Hi,
I am using visual studio 2012 and CUDA 8.0 on Windowns 10 PC.
The graphic card is gtx 1060.
When I tested a matrix transpose example in the CUDA samples directory,
I found that the performance is somewhat weird.
The output is as follows:
GPU Device 0: “GeForce GTX 1060” with compute capability 6.1
Device 0: “GeForce GTX 1060”
SM Capability 6.1 detected:
[GeForce GTX 1060] has 10 MP(s) x 128 (Cores/MP) = 1280 (Cores)

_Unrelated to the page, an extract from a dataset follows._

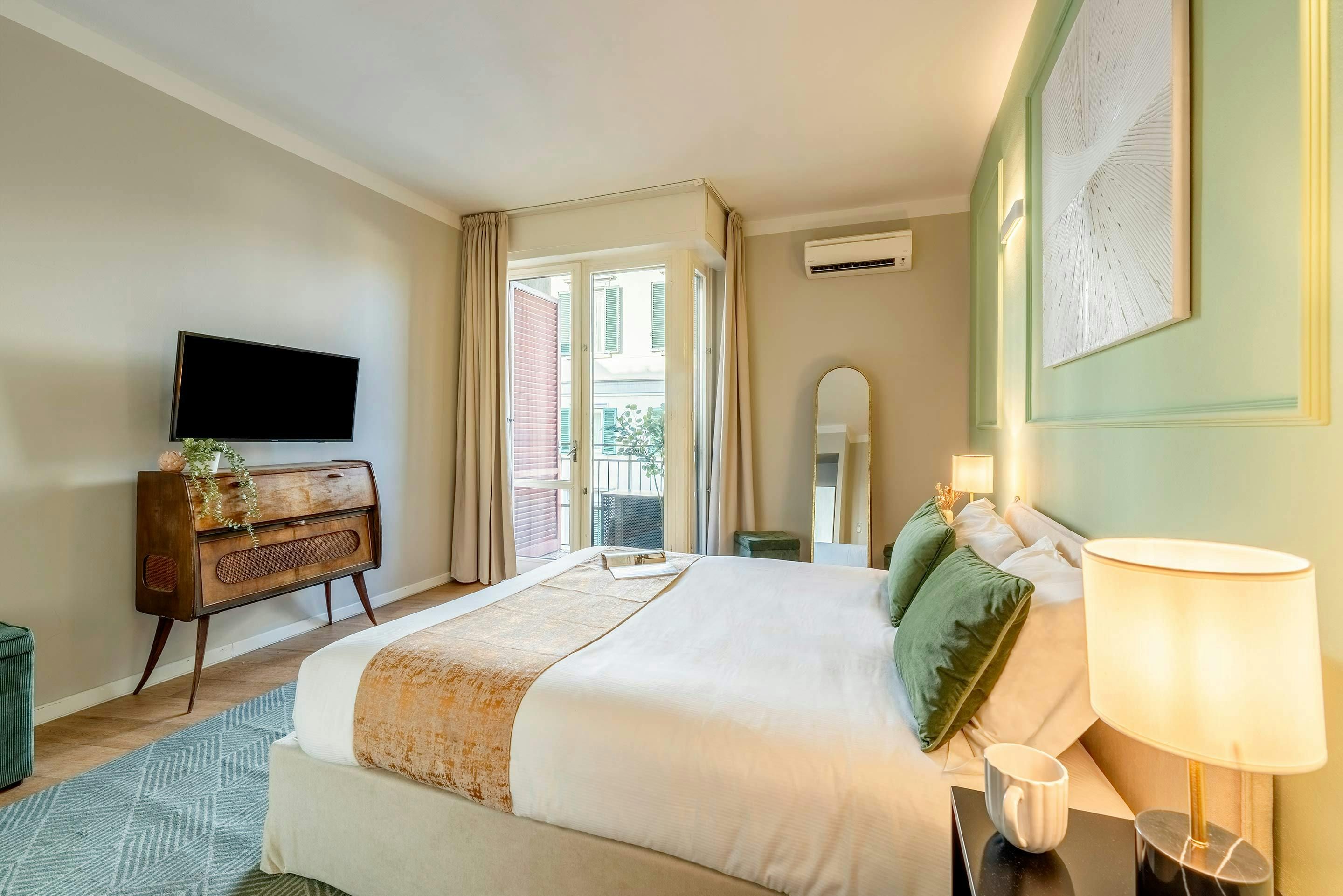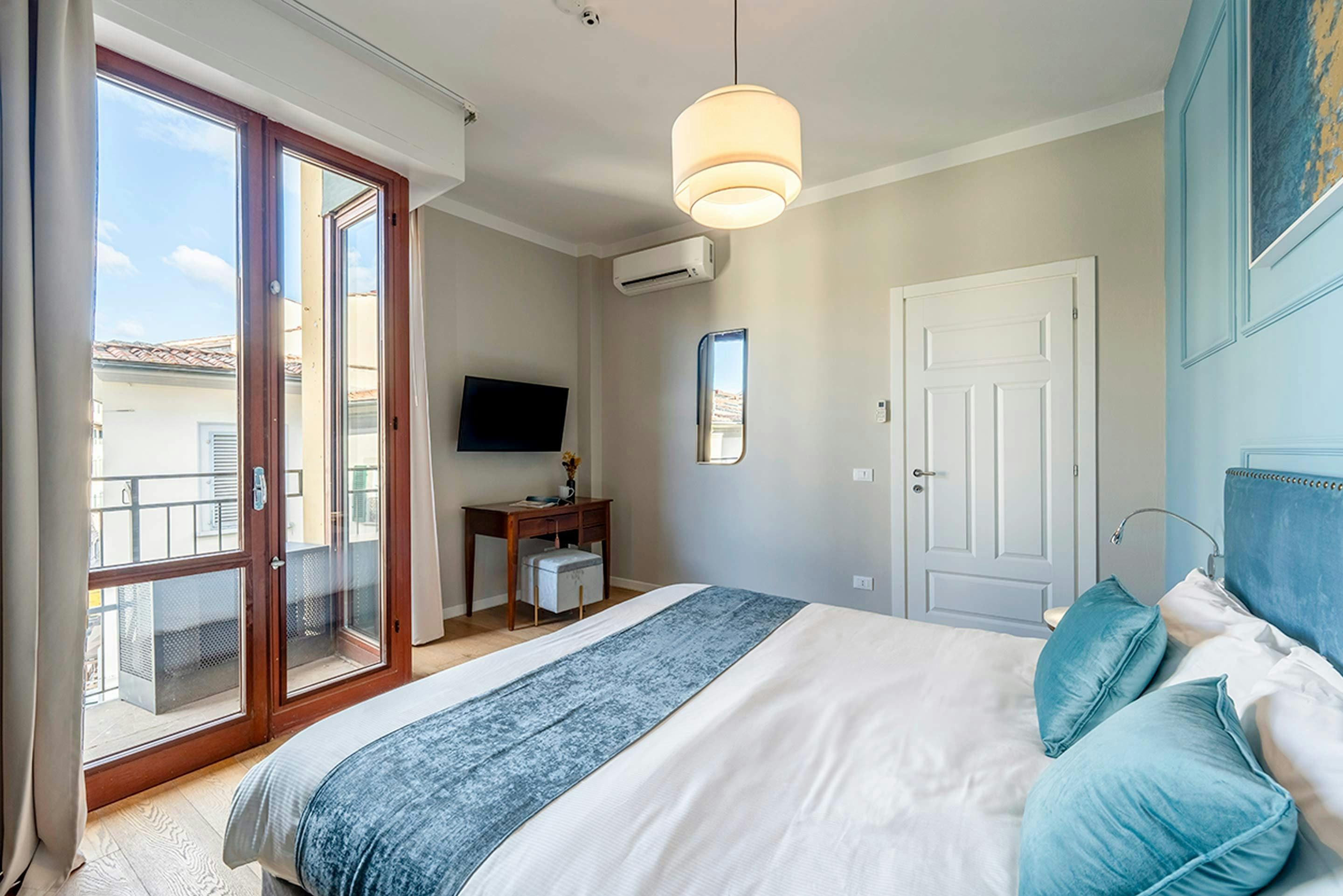 Marrying contemporary design with Italian flair, this apartment is a stylish base in the heart of Florence. The living space boasts modern artwork and a small kitchen. That said, with delicious eateries nearby, dining out will likely be on the cards. Three bedrooms and three bathrooms ensure there's plenty of privacy, too. However, the location is what makes this place a real star. A stroll in one direction will take you to Piazza della Signoria and the Uffizi Galleries. Head the opposite way to see the striking Basilica di Santa Croce and historic Teatro Verdi. Exploring on foot is a breeze here – it's perfect for those keen in the centre of the action.

Compute performance scaling factor = 1.00
Matrix size: 1024x1024 (64x64 tiles), tile size: 16x16, block size: 16x16
transpose simple copy , Throughput = 16.6109 GB/s, Time = 0.47032 ms, Size = 1048576 fp32 elements, NumDevsUsed = 1, Workgroup = 256
transpose shared memory copy, Throughput = 16.9271 GB/s, Time = 0.46154 ms, Size = 1048576 fp32 elements, NumDevsUsed = 1, Workgroup = 256
transpose naive , Throughput = 20.0964 GB/s, Time = 0.38875 ms, Size = 1048576 fp32 elements, NumDevsUsed = 1, Workgroup = 256
transpose coalesced , Throughput = 12.4843 GB/s, Time = 0.62579 ms, Size = 1048576 fp32 elements, NumDevsUsed = 1, Workgroup = 256
transpose optimized , Throughput = 4.9152 GB/s, Time = 1.58944 ms, Size = 1048576 fp32 elements, NumDevsUsed = 1, Workgroup = 256
transpose coarse-grained , Throughput = 5.4218 GB/s, Time = 1.44093 ms, Size = 1048576 fp32 elements, NumDevsUsed = 1, Workgroup = 256
transpose fine-grained , Throughput = 6.5340 GB/s, Time = 1.19566 ms, Size = 1048576 fp32 elements, NumDevsUsed = 1, Workgroup = 256
transpose diagonal , Throughput = 4.9574 GB/s, Time = 1.57594 ms, Size = 1048576 fp32 elements, NumDevsUsed = 1, Workgroup = 256
Test passed
As far as I know, the “transpose naive” should show the worst throughput, but shows the best in the test.
Is there anyone who knows the reason and how to solve?